Description
Hi,
There is a bug open in Debian related to gimp 2.10.2 and openblas 3.2: https://bugs.debian.org/cgi-bin/bugreport.cgi?bug=903514.
Depending on the machine and environment used, gimp can deadlock at startup because of a deadlock inside glibc.
I'm forwarding what I wrote for the Debian bug tracker:
Using gdb to find where it hung (gimp-gdb.txt) gives threads waiting on
a lock while doing thread-local related stuff and the main thread is in
the process of dl_close-ing openblas waiting the threads to exit using
pthread_join.
It seems that the lock used in tls_get_addr_tail
[0] is the same as
the one locked by _dl_close
[1].
A recursive lock is used but here it does not help as the thread calling
tls_get_addr_tail
and _dl_close
are not the same.
This deadlock may not happen everytime, in my case, the openblas threads
are still initializing while _dl_close
is called.
Given this, I think the offending commit in openblas is bf40f80 [2]

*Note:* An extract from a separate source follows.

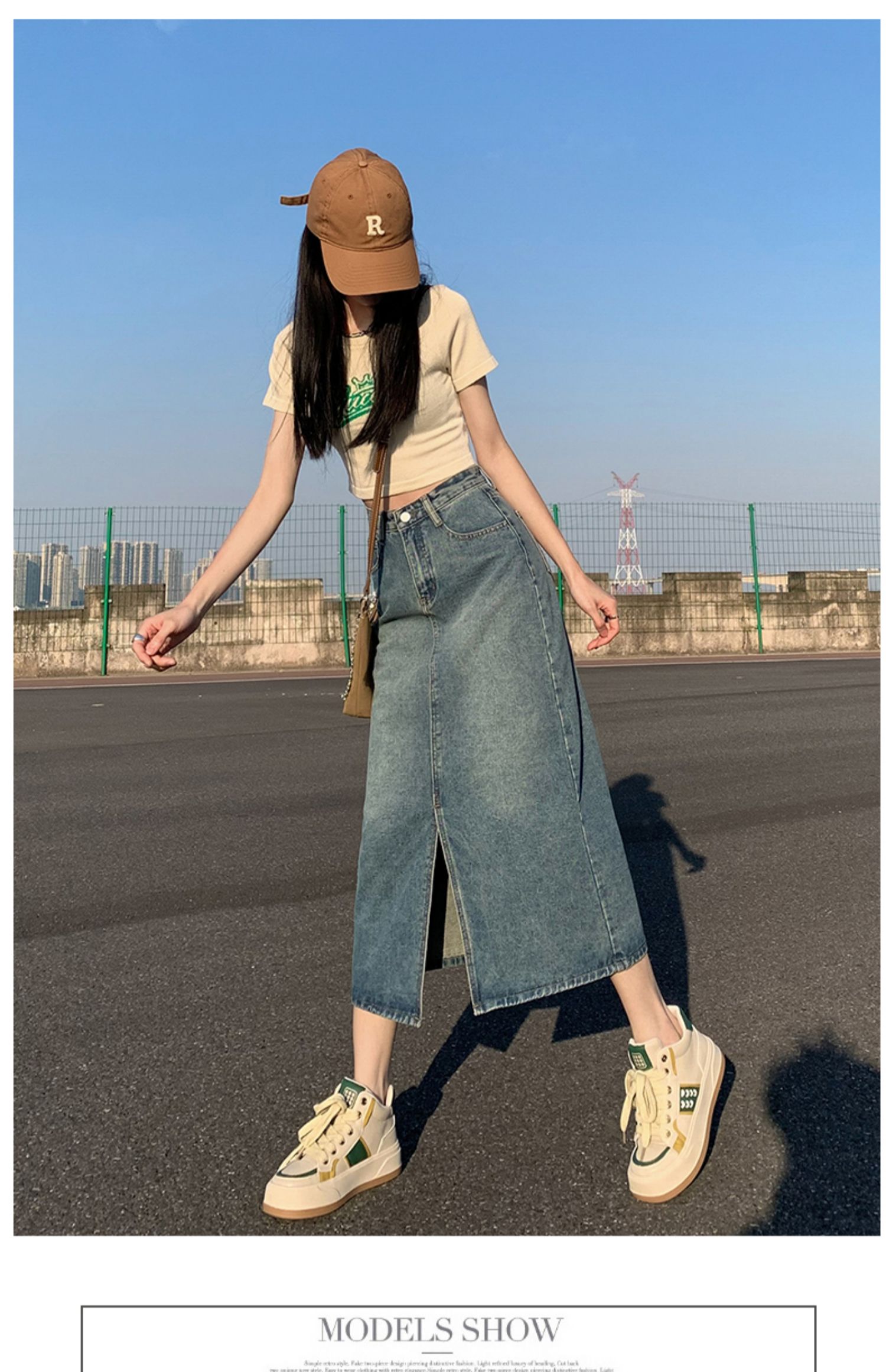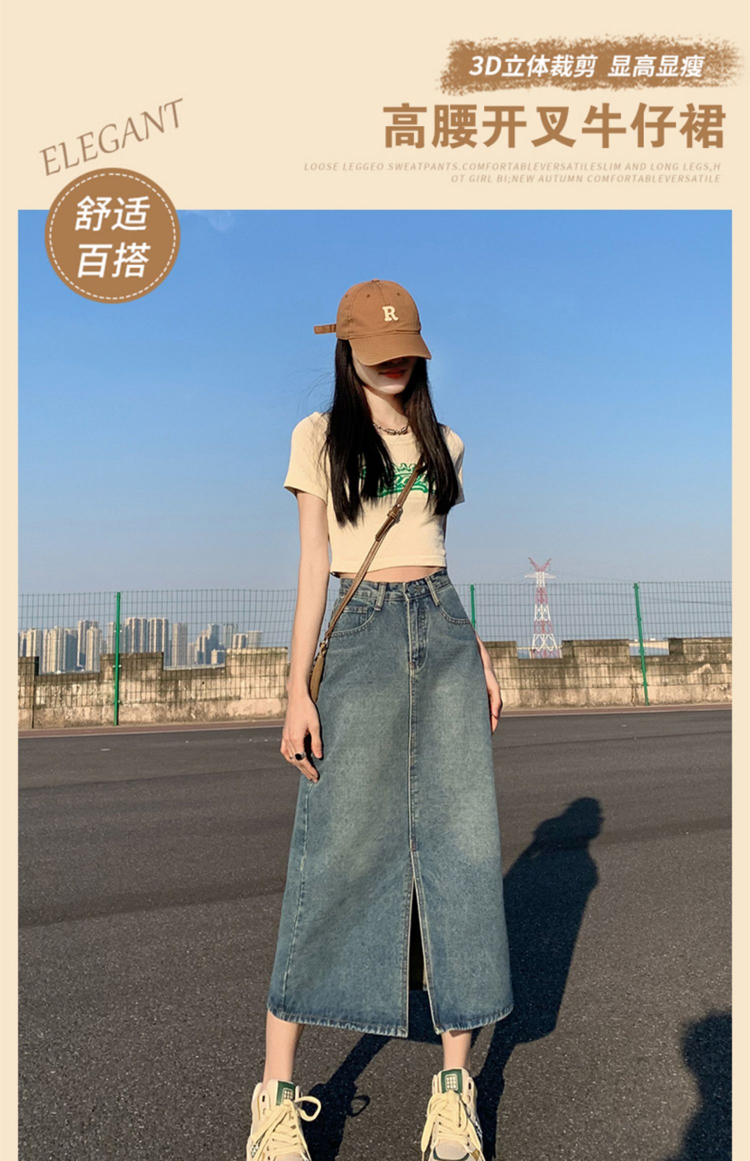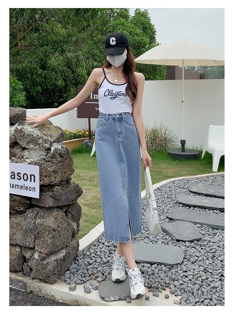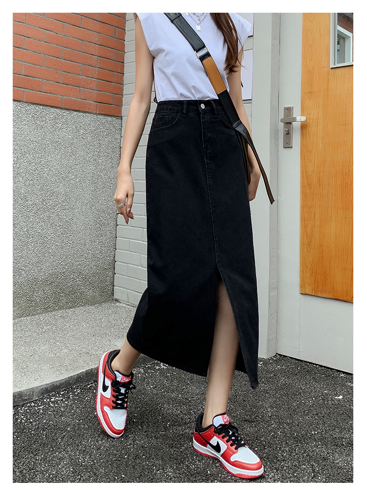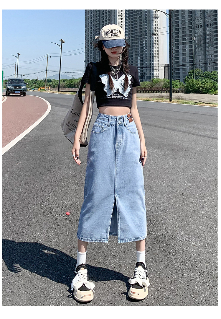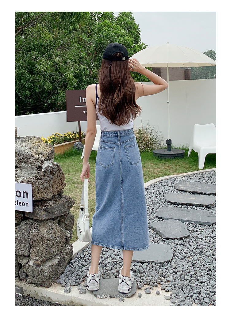 데님 스커트 여성의 가을 높은 허리 엉덩이 스커트 2025 새로운 레트로 스트레이트 루즈 A-워드 중간 길이 오버 스커트스토어 가기

which add TLS variables to avoid locking. But many change were done
since then.
One of related bug report is [3] which seems to indicate that the locks
handling is not easy inside glibc.
There were an attempt to fix deadlocks between tls_get_addr
and a
_dl_close
of a module whose finalizer joins with that thread [4].
So I see these possibles solutions:
- Add a breaks between gimp and openblas
- Disable TLS in openblas build (if possible, but this would cause a
performance loss for users that use openblas without gimp) - Patch glibc to not deadlock (but this seems not easy to do at all)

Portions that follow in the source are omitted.